• **Your assignment**: Would you transcribe the listing that follows word for word, skipping pictures?

• **Collected material**:
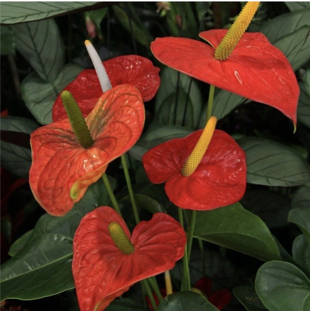 Посмотрите на антуриумы, дельфиниумы, ирисы.
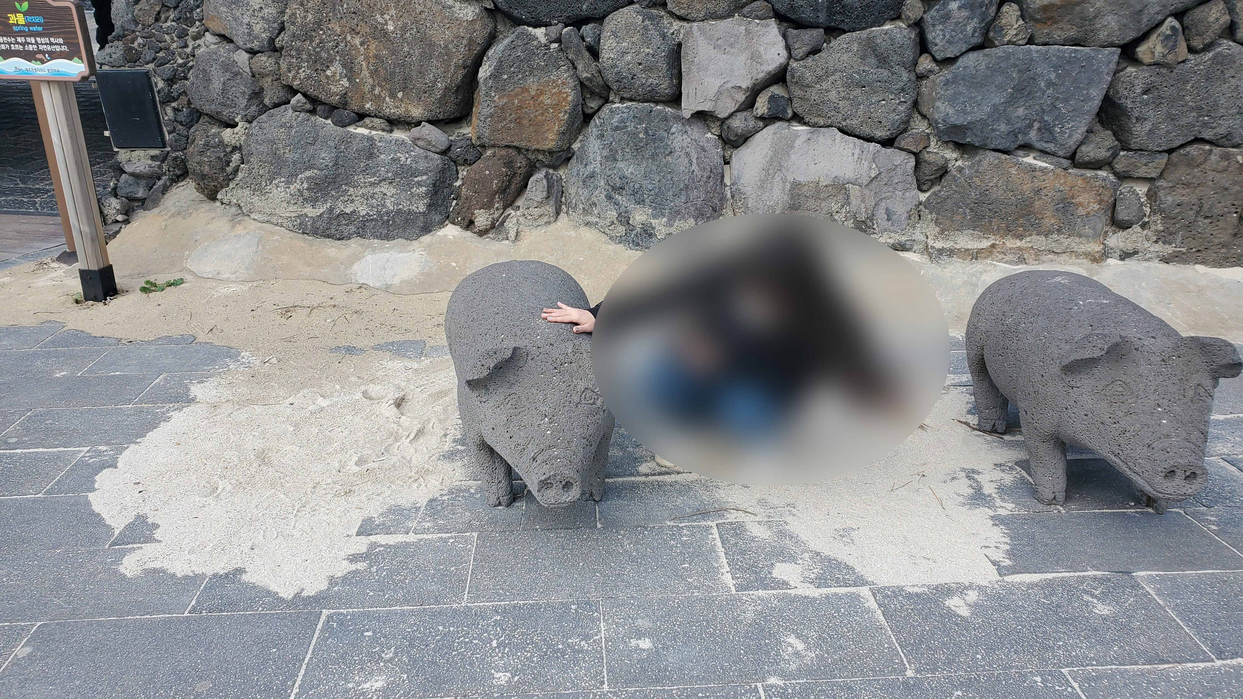 걷다가 흑돼지 두마리를 발견했다. 아아 현무암으로 만들어진 것 같으니 흑돼지는 아니고 돌돼지인가? 안그래도 살이 찌고 있었는데 코로나 이후 기하급수적으로 몸무게가 불어난 우리는... 우리도 곧 이렇게 될 거라는, 머지 않았다는 무시무시한 대화를 하기도 했다.
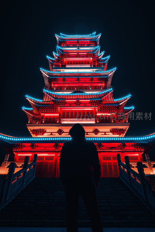 夜晚中式多层宝塔被红蓝LED灯带环绕,层层飞檐在黑暗中熠熠生辉,前景一人背影伫立台阶仰望,营造神秘庄严又现代炫酷的视觉张力,融合传统与当代美学。
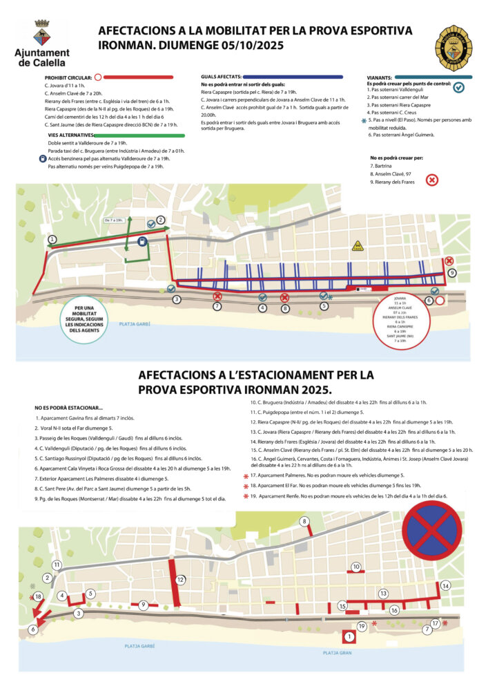 La Policia Local ha publicat un cartell i un mapa amb el detall de les afectacions de mobilitat i aparcament que començaran aquest dissabte, 4 d’octubre, amb motiu de l’IRONMAN Calella-Barcelona. La prova internacional farà passar per la ciutat part dels circuits de bicicleta i cursa a peu, i acollirà també la sortida de la natació, que enguany es trasllada a la zona del cementiri arran del projecte de naturalització de les platges. Els vianants podran creuar la via del tren i accedir al Passeig Manuel Puigvert pels passos soterrats. Les persones amb mobilitat reduïda disposaran del pas a nivell d’El Paso, on personal de l’organització oferirà suport i indicacions.

• **Result of the exercise**:
 Посмотрите на антуриумы, дельфиниумы, ирисы.
 걷다가 흑돼지 두마리를 발견했다. 아아 현무암으로 만들어진 것 같으니 흑돼지는 아니고 돌돼지인가? 안그래도 살이 찌고 있었는데 코로나 이후 기하급수적으로 몸무게가 불어난 우리는... 우리도 곧 이렇게 될 거라는, 머지 않았다는 무시무시한 대화를 하기도 했다.
 夜晚中式多层宝塔被红蓝LED灯带环绕,层层飞檐在黑暗中熠熠生辉,前景一人背影伫立台阶仰望,营造神秘庄严又现代炫酷的视觉张力,融合传统与当代美学。
 La Policia Local ha publicat un cartell i un mapa amb el detall de les afectacions de mobilitat i aparcament que començaran aquest dissabte, 4 d’octubre, amb motiu de l’IRONMAN Calella-Barcelona. La prova internacional farà passar per la ciutat part dels circuits de bicicleta i cursa a peu, i acollirà també la sortida de la natació, que enguany es trasllada a la zona del cementiri arran del projecte de naturalització de les platges. Els vianants podran creuar la via del tren i accedir al Passeig Manuel Puigvert pels passos soterrats. Les persones amb mobilitat reduïda disposaran del pas a nivell d’El Paso, on personal de l’organització oferirà suport i indicacions.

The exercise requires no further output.